Print, exactly as they stand, the lines below from the one that has "En el caserío" to the one that has "Enjoy munching on", inclusive, leaving out the pictures.

═════ Available data ═════

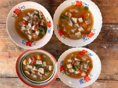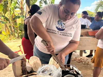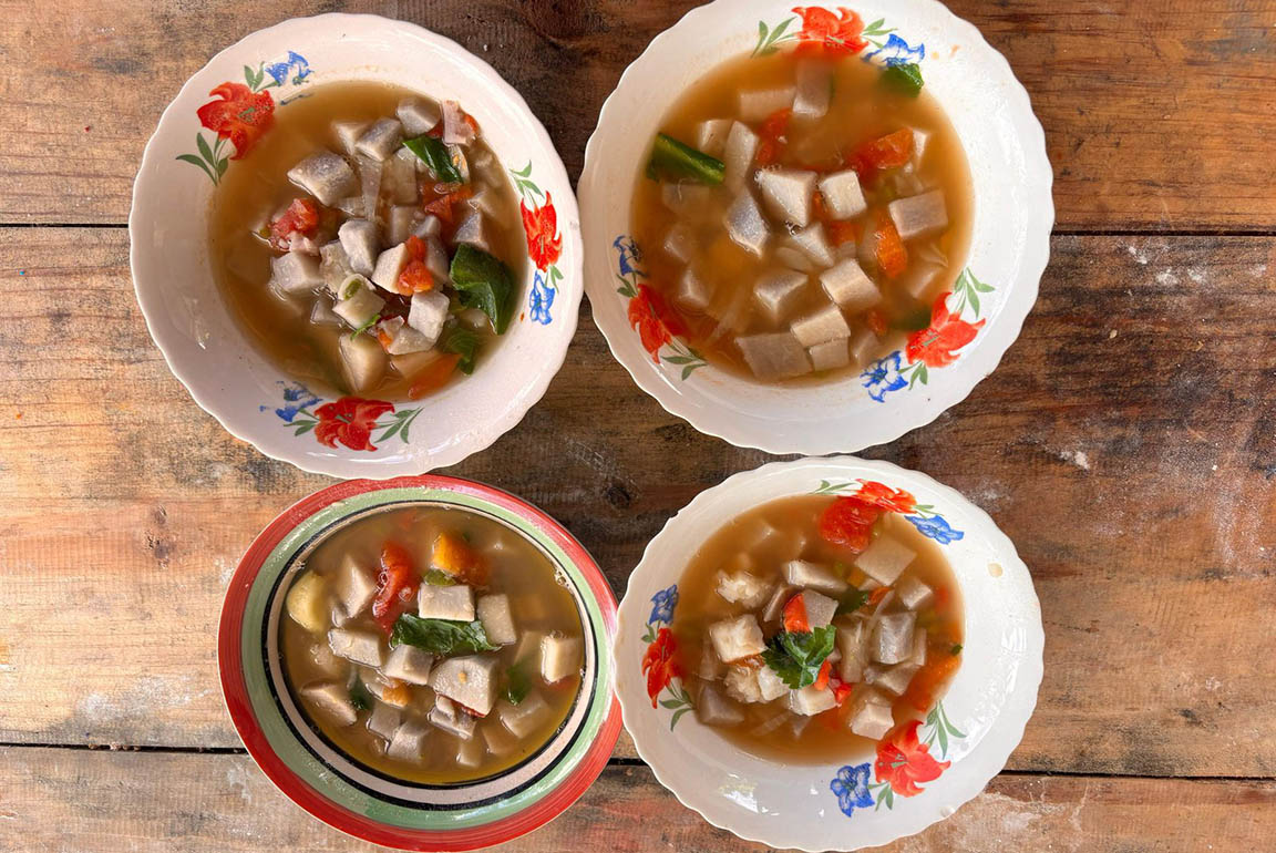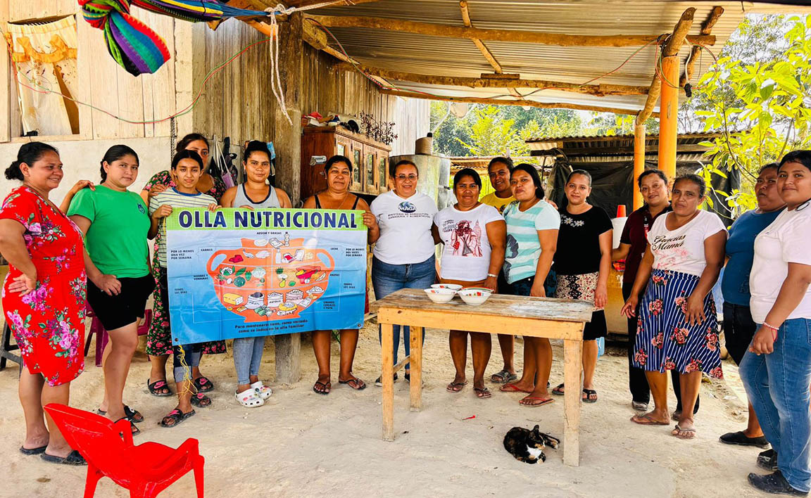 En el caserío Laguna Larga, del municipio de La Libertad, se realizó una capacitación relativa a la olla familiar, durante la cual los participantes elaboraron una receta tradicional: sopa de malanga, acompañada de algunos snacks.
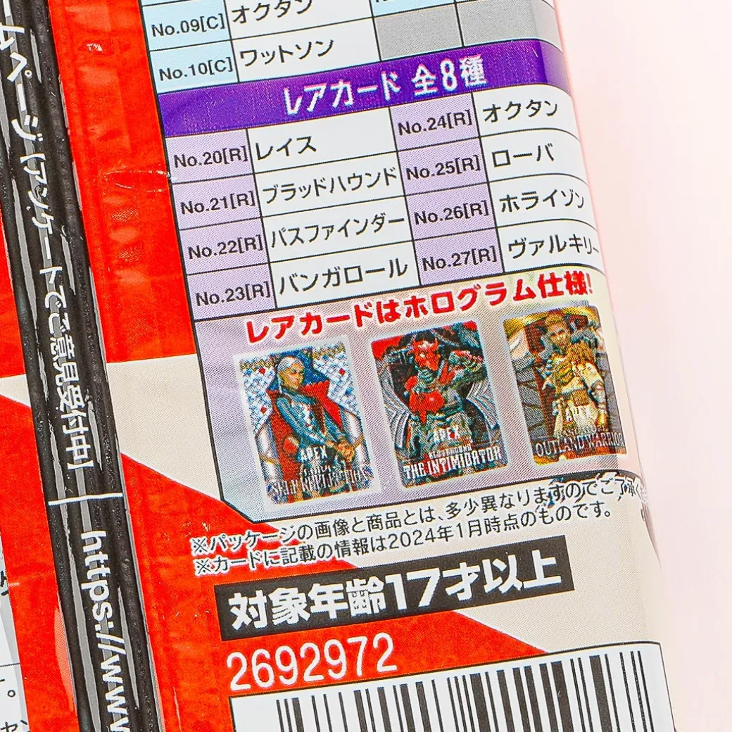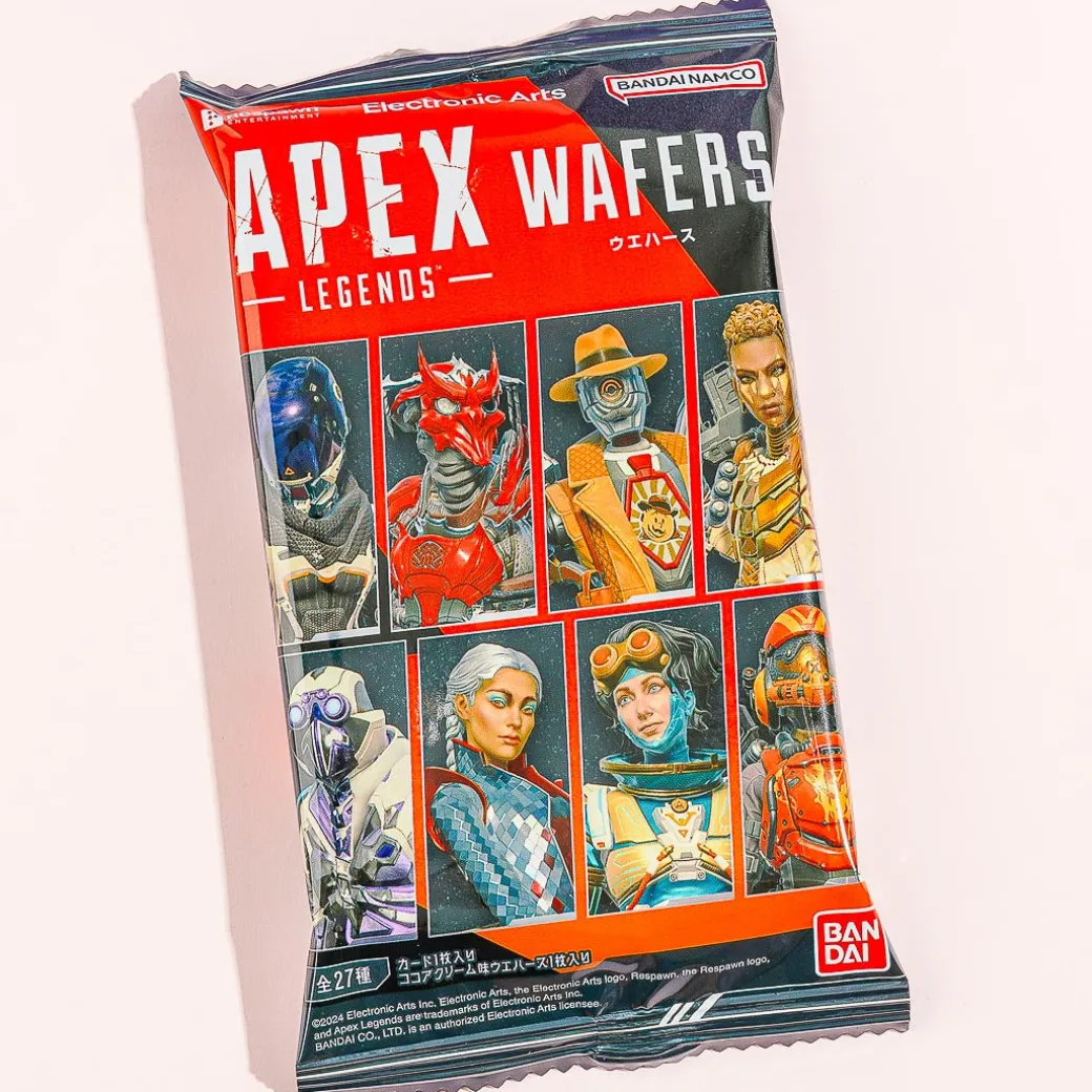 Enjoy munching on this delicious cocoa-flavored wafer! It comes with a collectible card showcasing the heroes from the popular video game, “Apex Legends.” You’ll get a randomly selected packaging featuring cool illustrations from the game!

═════
═════ Available data ═════

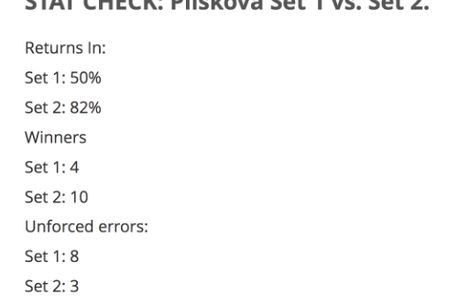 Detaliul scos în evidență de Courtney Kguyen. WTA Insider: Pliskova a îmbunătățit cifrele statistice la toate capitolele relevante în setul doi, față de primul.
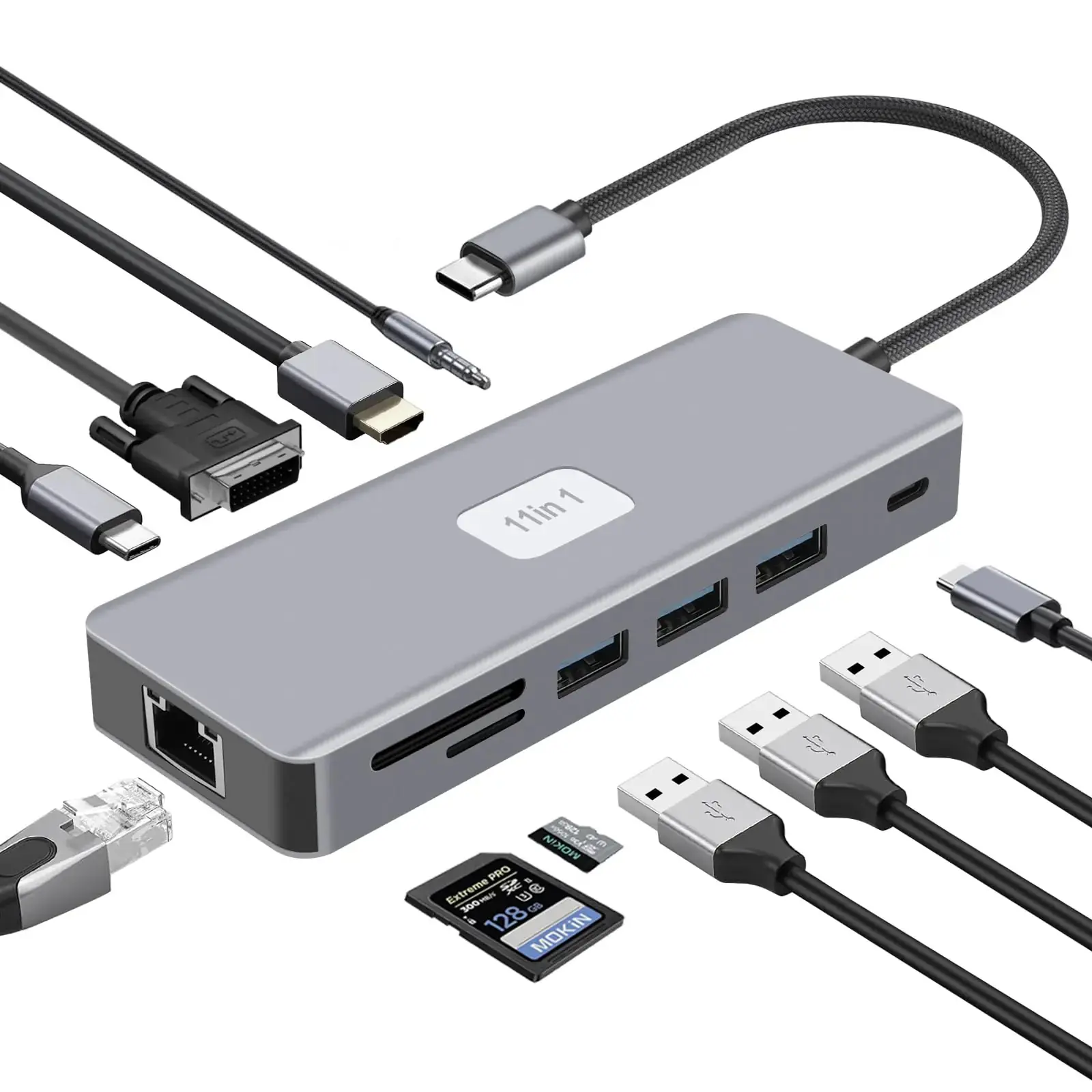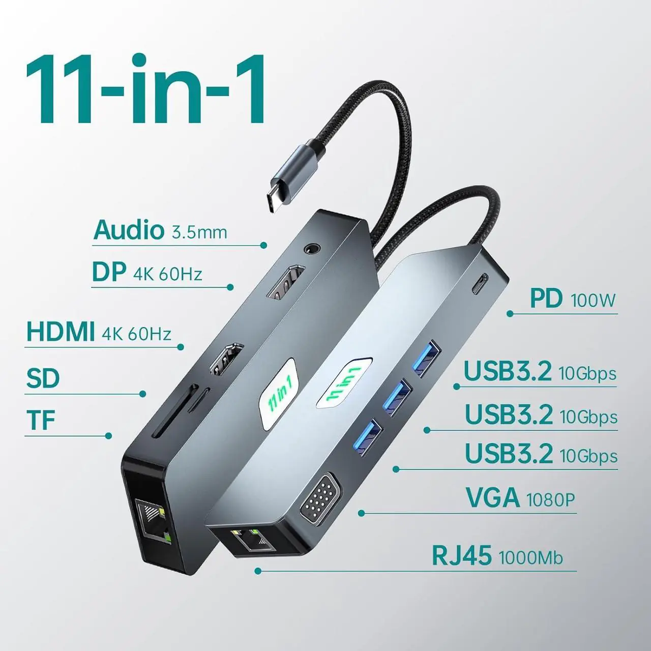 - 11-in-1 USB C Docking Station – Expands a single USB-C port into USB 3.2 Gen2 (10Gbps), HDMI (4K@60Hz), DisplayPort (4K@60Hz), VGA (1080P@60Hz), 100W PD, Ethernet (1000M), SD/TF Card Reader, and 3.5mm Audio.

═════

◆ **Solution to this exercise**
 En el caserío Laguna Larga, del municipio de La Libertad, se realizó una capacitación relativa a la olla familiar, durante la cual los participantes elaboraron una receta tradicional: sopa de malanga, acompañada de algunos snacks.
 Enjoy munching on this delicious cocoa-flavored wafer! It comes with a collectible card showcasing the heroes from the popular video game, “Apex Legends.” You’ll get a randomly selected packaging featuring cool illustrations from the game!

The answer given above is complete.